“Reserved, insecure, rebellious… I really didn’t care much for authority.” – Jim Root
Just The Facts: Unpublished answers from my Pensacola News Journal interview with Slipknot guitarist Jim Root (#4) for a feature promoting their Pensacola Bay Center show on August 29, 2015-minus the questions.
“Pretty much thought I knew it all. I had all kinds of weird afflictions growing up.”
“I must have seen some video on MTV or something and the Fender Strat…I felt connected to it.”
“I grew up listening to music. My parents had vinyl and all that. I can honestly say from my earliest memories that’s what I always wanted to do. I begged and pleaded. Everything I could do to get my parents to get me a guitar for a birthday or a Christmas or anything. Dropping hints, leaving catalogs laying around. I didn’t get one until I was 14. I wish I could have got more of a head start on it.”
“My first guitar was a Memphis Les Paul Jr. copy. And it was a pretty brutal guitar. Not very well made, but it was a guitar and it was good enough for me to break and mistreat and not appreciate until I got my next real guitar that I really started learning on, a Takamine electric.”
“They sound relatively the same. I designed them with the same woods and the same pickups and all that, but they’re definitely not made for blues or jazz or chicken pickin’ country or slide guitar or any of that stuff. So a lot of the tele purists probably hate the guitar, but it’s an iconic body shape.
“Tele’s, Strats and Jazzmasters to me are so legendary that to be able to endorse a company like Fender and have them on my side and listen to my ideas, it’s absolutely a dream come true. I couldn’t have asked for anything better. I find myself extremely lucky be able to take an idea that I’ve had and have them go, ‘Yeah, that sounds like a great idea. Let’s go ahead and do it.’ You’re talking about Jimi Hendrix, Jeff Beck, Eric Clapton and Rory Gallagher. All these iconic players. It’s amazing to be in that kind of company. You can’t hardly believe it sometimes.”

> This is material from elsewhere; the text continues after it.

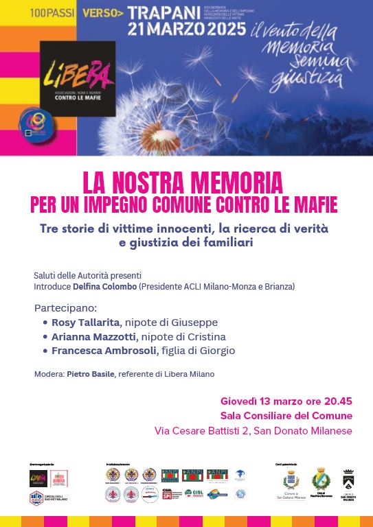 Il Circolo Acli Sud Est Milano e il coordinamento di Libera Milano invitano i cittadini, le associazioni e le istituzioni ad un importante appuntamento, per fare memoria e trasformare l’emozione in azione.

“Oh man. Jimmy Page. George Harrison. All these guys were larger than life to me. Pete Townsend, Tom Petty, guys like this that are just amazing songwriters, gifted players, gifted ears. When I was in my teens, 16, 17 years old, I was into guys like Malmsteem and Dave Mustaine, all these guys that were doing the metal that I was listening to and that’s where I honed my skills. I learned to play by ear by playing along to the records that I was listening to which was ‘Killing is My Business…and Business is Good!’ and Anthrax. All these records, Iron Maiden, Dave Murray and guys like that, Adrian Smith. Tony Iommi and even guys like Stevie Ray Vaughn. There’s just so much you can do with a guitar. Everybody approaches it a little bit differently. It’s crazy.”
“It’s tough. I ain’t going to lie. There are a lot of relationships that tend to suffer when you spend so much time away and for me, over the past 16 years, for a time, I was juggling two bands. When I come home from a tour, I tend to shut off, lock myself up in my house and I don’t ever want to leave or do anything because I just saw every country in Europe. I got to eat at all these amazing places and I basically just had a vacation playing all these shows everywhere.”
“So when I get home, it’s like home is my vacation. It’s part of the reason why I moved down to Florida. I want to be able to ride motorcycles and drive my old cars without worrying about snow on the ground and all that shit. It’s tough. I have friends that I went to high school with, that I don’t really see that often, partly because they live in Iowa and I live down here and partly because they’ve all started families and careers and things like that. When I come home from a tour, if I have a month off, I can sleep as late as I want. I can stay out as late as I want. These guys, ‘Well, I got to wake up and take my kid to school before I go to work and then after I go to work, I got to do this and that,” so you don’t get a lot of hang time anymore. I had a good buddy back in Iowa and we used to go fishing every once in awhile and you can’t really do that so much anymore.”